Data from: Among-character rate variation distributions in phylogenetic analysis of discrete morphological characters
Harrison, Luke B.; Larsson, Hans C. E. (2015), Data from: Among-character rate variation distributions in phylogenetic analysis of discrete morphological characters, Dryad, Dataset, https://doi.org/10.5061/dryad.067qg
Likelihood-based methods are commonplace in phylogenetic systematics. Although much effort has been directed toward likelihood-based models for molecular data, comparatively less work has addressed models for discrete morphological character data. Among-character rate variation may confound phylogenetic analysis, but there have been few analyses of the magnitude and distribution of rate heterogeneity among discrete morphological characters. Using seventy-six data sets covering a range of plants, invertebrate, and vertebrate animals, we used a modified version of MrBayes to test equal, gamma-distributed and lognormally-distributed models of among-character rate variation, integrating across phylogenetic uncertainty using Bayesian model selection.
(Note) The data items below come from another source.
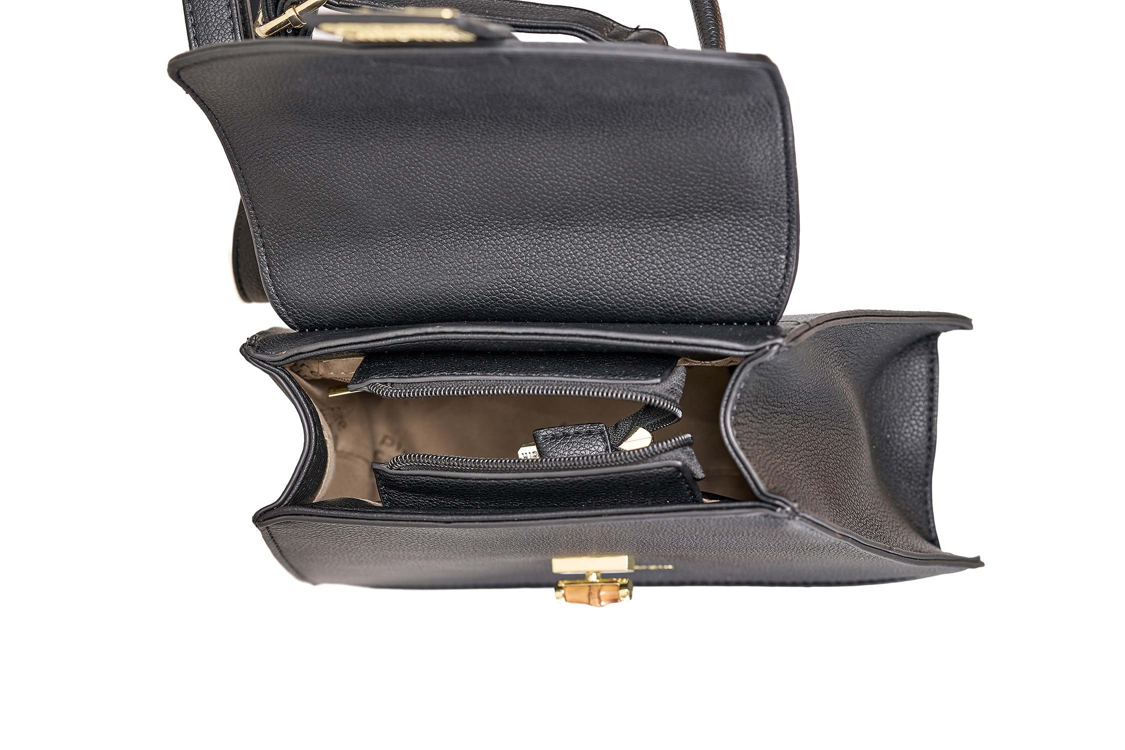 Esta bolsa de couro sintético Pierre Cardin apresenta um design exclusivo e uma elegância extraordinária. O fecho giratório e o logotipo impresso acrescentam detalhes sofisticados. Apresentando uma alça de mão e uma alça transversal ajustável, esta bolsa oferece máxima versatilidade. No interior, você encontrará amplo espaço e um prático bolso de armazenamento para manter tudo organizado com estilo.
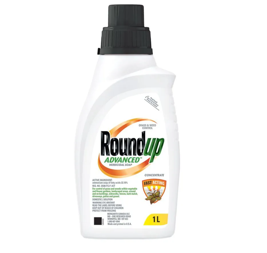 Roundup Advanced® Concentrate has a fast-acting formula that kills many common annual weeds. Within hours; Roundup Advanced® Concentrate starts to kill the weed; plant damage will be visible from a few hours to 2 days after spraying. Roundup Advanced® Concentrate contains the active ingredient ammonium soap of fatty acids; which is a contact; non-selective; foliar-applied herbicide. Ammonium soap of fatty acids is a non-selective herbicide; which means that it controls many common weeds and grass.
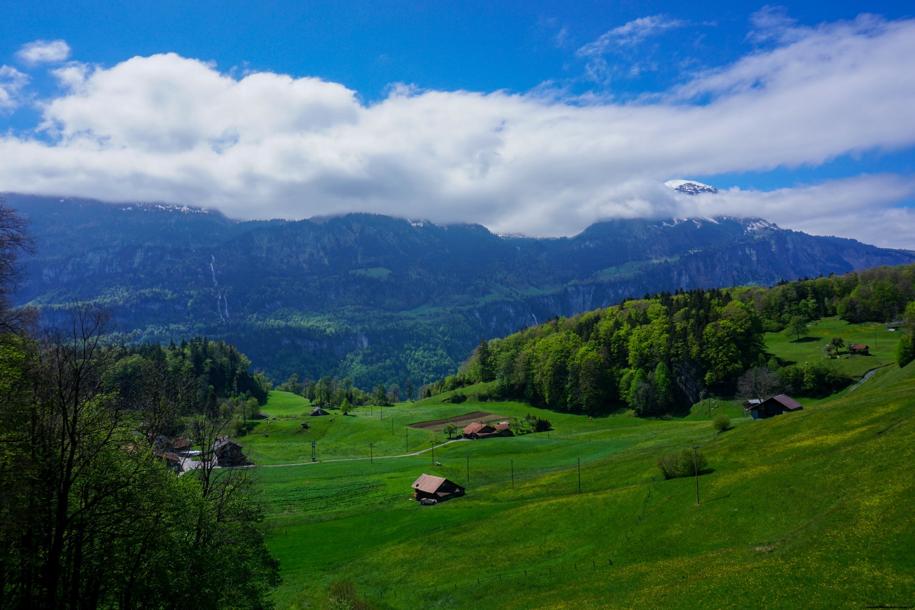 To descend from Brünig in the direction of Meiringen, we decided to descend to the hamlet of Brünigen and return above the walls of Schwendlen. Along the trail, a viewpoint (indicated by signs) is worth a detour. The fork is just before the descent to the bottom of the valley. At the bottom of it, you can then follow the river Aare for a long time before reaching Meiringen train station.
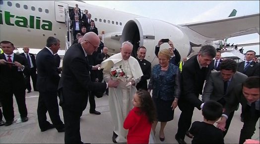 O Papa Francisco chegou na noite desta segunda-feira (15) ao Chile, onde fará uma visita de três dias. O Papa foi recebido pela presidente Michelle Bachelet e três crianças, que lhe entregaram flores, assim como membros da Igreja e outras autoridades. O forte vento levou Francisco a tirar o solidéu ao desembarcar do avião. Durante […]
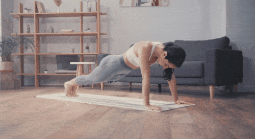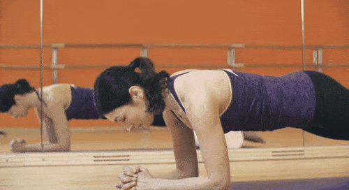팔꿈치 플랭크 자세에서 시작합니다. 엉덩이를 들어서 돌고래 플랭크 자세로 연결하는 동작을 반복하면 되는데요. 팔뚝으로 몸을 지탱하고, 균형이 무너지지 않도록 자세를 유지합니다. 1분 동안 2가지 동작을 반복하고, 시선은 바닥을 응시하세요.
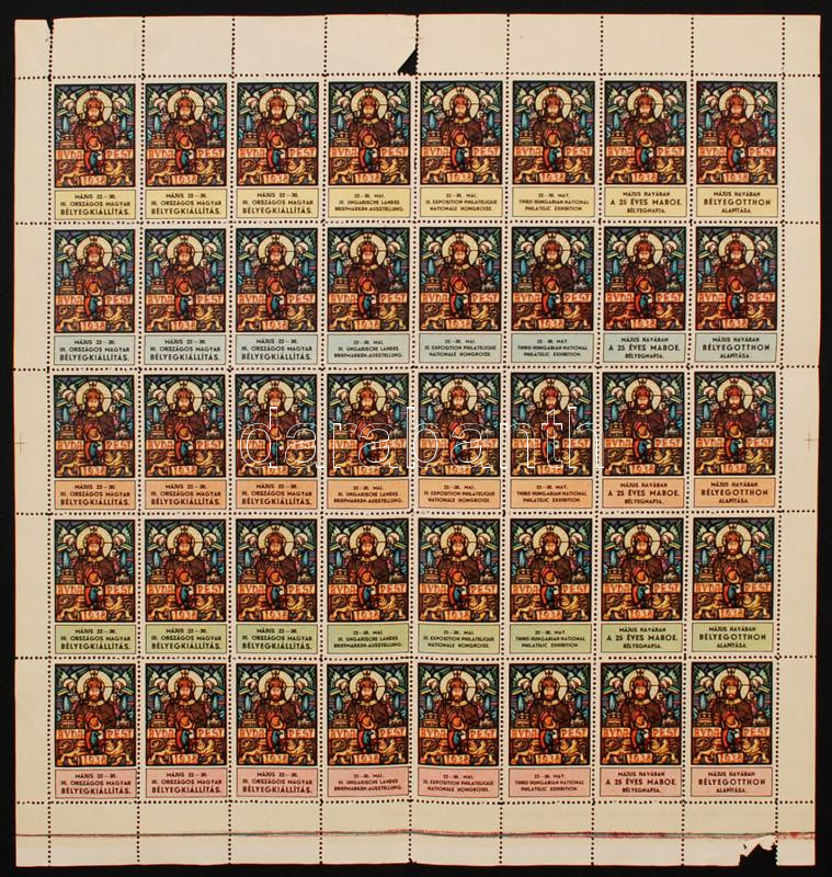 Leírás: 1938 BUDAPEST III. Országos Magyar Bélyegkiállítás levélzáró 40-es hajtott teljes ív 30 különféle levélzáróval
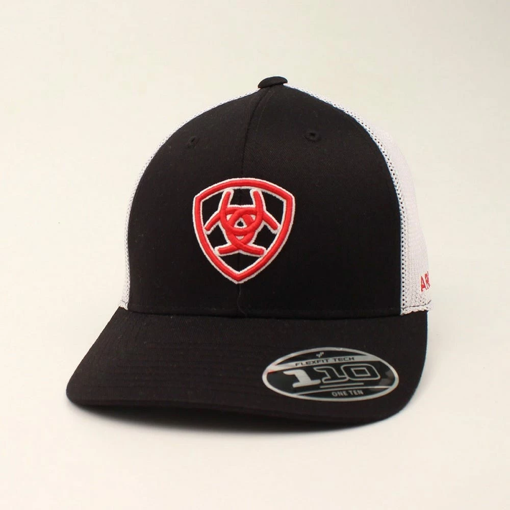 Ariat Mens Black Flex Fit 110 Cap With Red Embroidery Ariat Shield Logo A30007901 – Hats & Caps
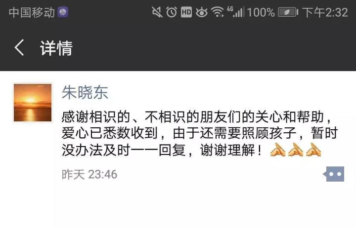 对此,朱晓东发了一条朋友圈,感谢捐款的爱心人士:“感谢相识的、不相识的朋友们的关心和帮助,爱心已悉数收到,由于还需要照顾孩子,暂时没办法及时一一回复,谢谢理解!”
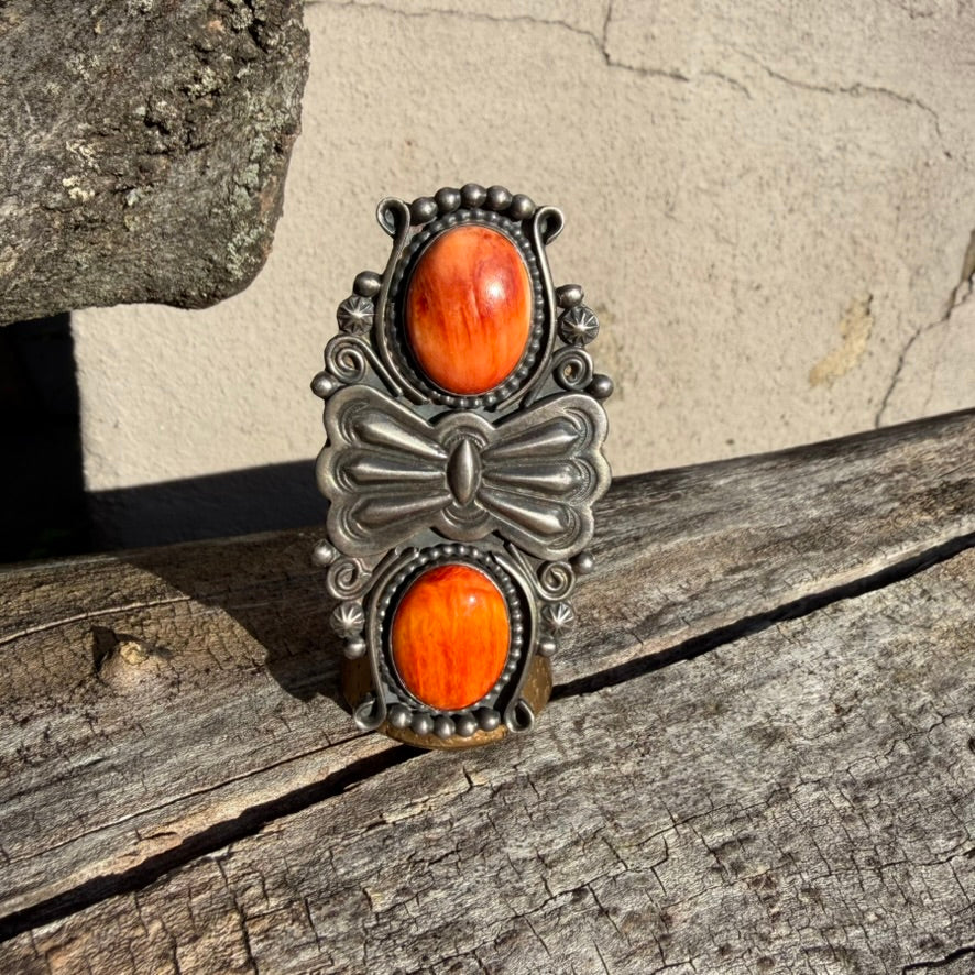 Apache Rosella Paxson Double Spiny Oyster and Sterling Silver Butterfly Concho Ring
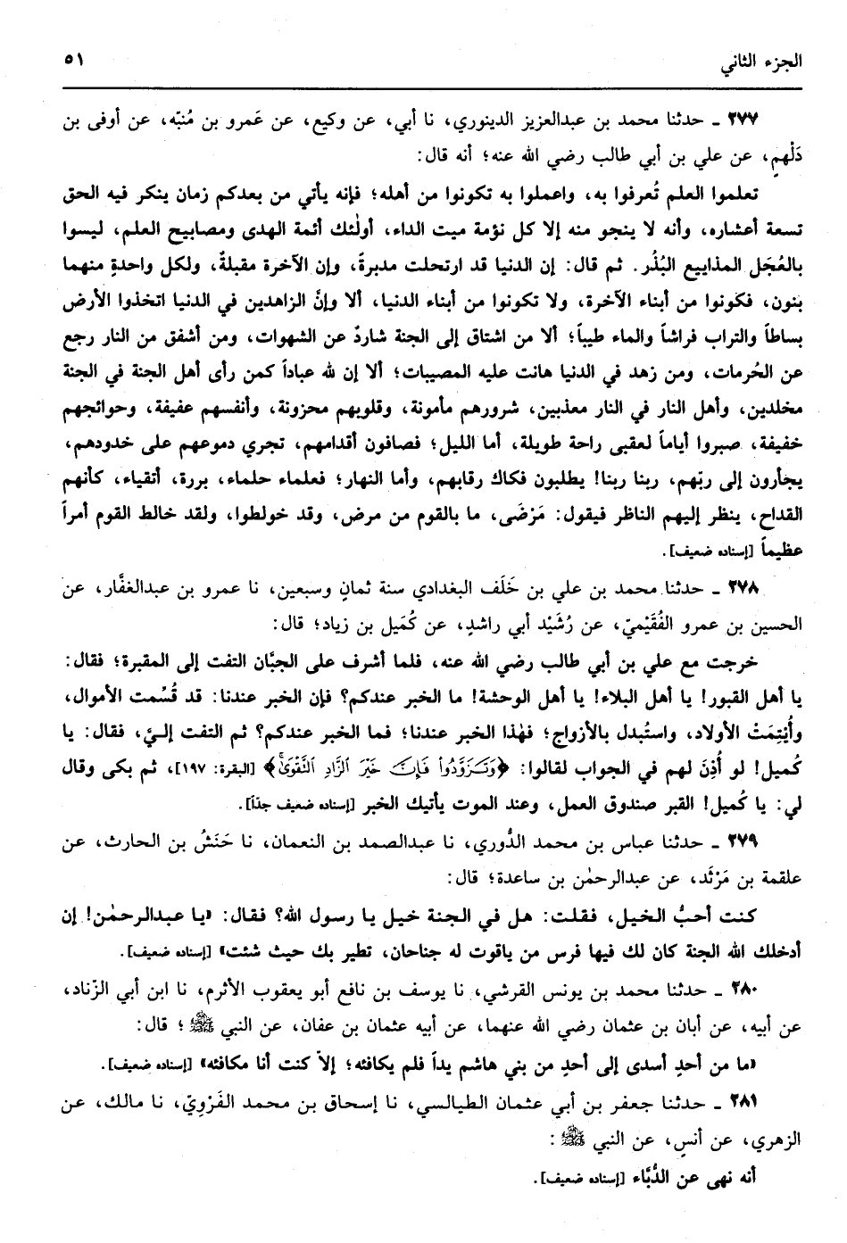 208 - حدثنا أحمد بن محمد البرتي نا موسى بن مسعود نا سفيان الثوري عن قدامة الضبي عن خالد بن منجاب قال قال زياد بن حدَيْر الأسدي لما اراد العلاء بن الحضرمي أن يعبر إلى أهل دَارين البحر عبر بهذه الكلمات يا حليم يا حكيم يا علي يا عليم ( قالها ثلاثاً ) فعبر هو وأصحابه البحر إسناده ضعيف
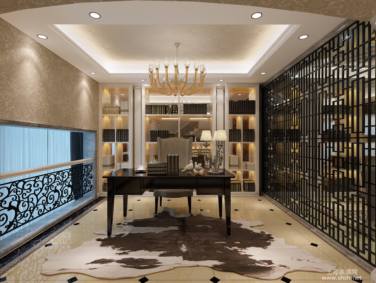 书房 - 碧云壹零别墅装修后现代风格设计方案,上海腾龙别墅设计
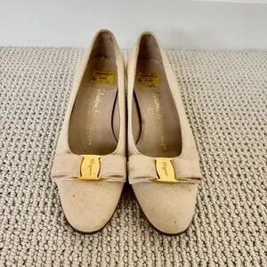 Vintage 90s Ferragamo Vara bow pumps 6B Made in Italy
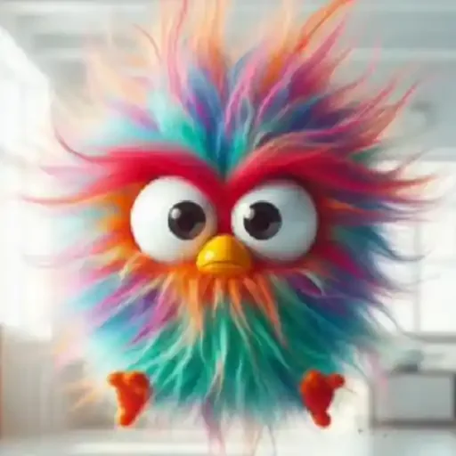 Un pájaro colorido y lindo con plumas rosadas, azules, naranjas y moradas, ojos grandes y redondos y un pico naranja. Parece tener una mirada sorprendida o asustada.
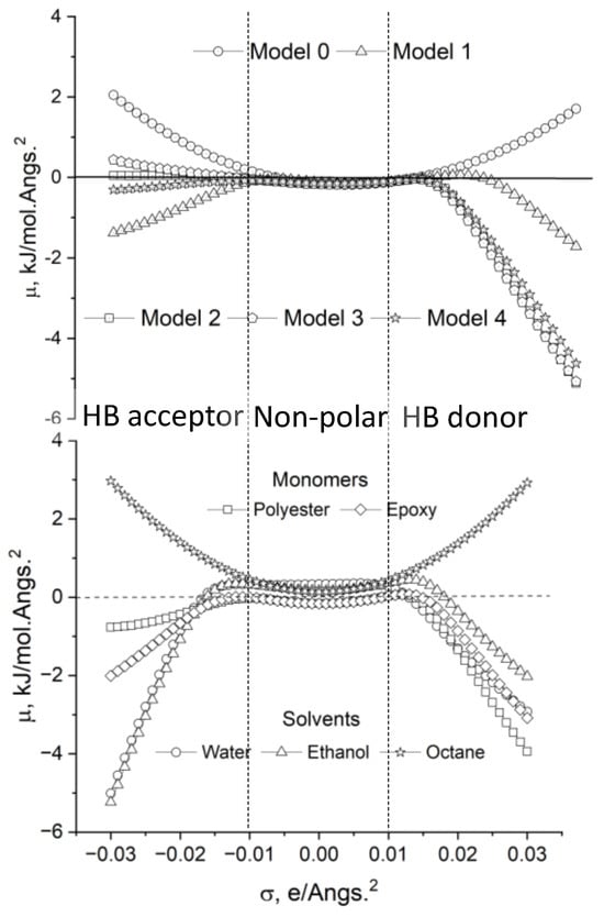 Regarding the σ-potentials of graphene (Model 0) and octane (Figure 7), it can be inferred that they do not interact favorably (μ > 0 kJ/mol·Å2) with polar components, which exhibit μ < 0 kJ/mol·Å2 if σ < −0.008 e/Å2 and σ > 0.008 e/Å2. The thermodynamic behavior is noticeably different when it comes to the polar solvents and monomers and the graphene oxides selected for the current analysis (Figure 7). The polar solvents and the monomers exhibit a marked amphoteric character (μ < 0 kJ/mol·Å2 for σ < −0.008 e/Å2 and σ > 0.008 e/Å2) being capable of interacting favorably with both proton-donor and proton-acceptor groups, i.e., the curves μ (kJ/mol·Å2) vs. σ (e/Å2) reveal a certain symmetry. However, this symmetry is broken for some of the GOs studied. All of them show HB potential donor capacity (μ < 0 kJ/mol·Å2 for σ > 0.008 e/Å2) due to the hydrogen atoms of the hydroxyl groups, the value of μ (kJ/mol·Å2) being, as a rule, more negative as the number of OH groups in the GO increases (blue regions in the σ-surfaces, Figure 4). This is analogous to what occurs with the peak at σ ≈ −0.015 e/Å2 in the σ-profile (Figure 6), which is already discussed. However, in several cases (Models 2 to 4), μ ≈ 0 kJ/mol·Å2 when σ < −0.008 e/Å2, showing a weak acceptor capacity of the oxygen attached to the carbonous surface. This is congruent with the yellow–red color distribution on the σ-surface (Figure 5) and the presence of a shoulder in the σ-profile (Figure 6) when σ > 0.008 e/Å2, which are also mentioned before.

We found that in approximately 80% of data sets, unequal-rates models outperformed equal-rates models, especially among larger data sets. Moreover, although most data sets were equivocal, more data sets favored the lognormal rate distribution relative to the gamma rate distribution, lending some support for more complex character correlations than in molecular data. Parsimony estimation of the underlying rate distributions in several data sets suggests that the lognormal distribution is preferred when there are many slowly evolving characters and fewer quickly evolving characters. The commonly adopted four rate category discrete approximation used for molecular data was found to be sufficient to approximate a gamma rate distribution with discrete characters. However, among the two data sets tested that favored a lognormal rate distribution, the continuous distribution was better approximated with at least eight discrete rate categories. Although the effect of rate model on the estimation of topology was difficult to assess across all data sets, it appeared relatively minor between the unequal-rates models for the one data set examined carefully. As in molecular analyses, we argue that researchers should test and adopt the most appropriate model of rate variation for the data set in question. As discrete characters are increasingly used in more sophisticated likelihood-based phylogenetic analyses, it is important that these studies be built on the most appropriate and carefully selected underlying models of evolution.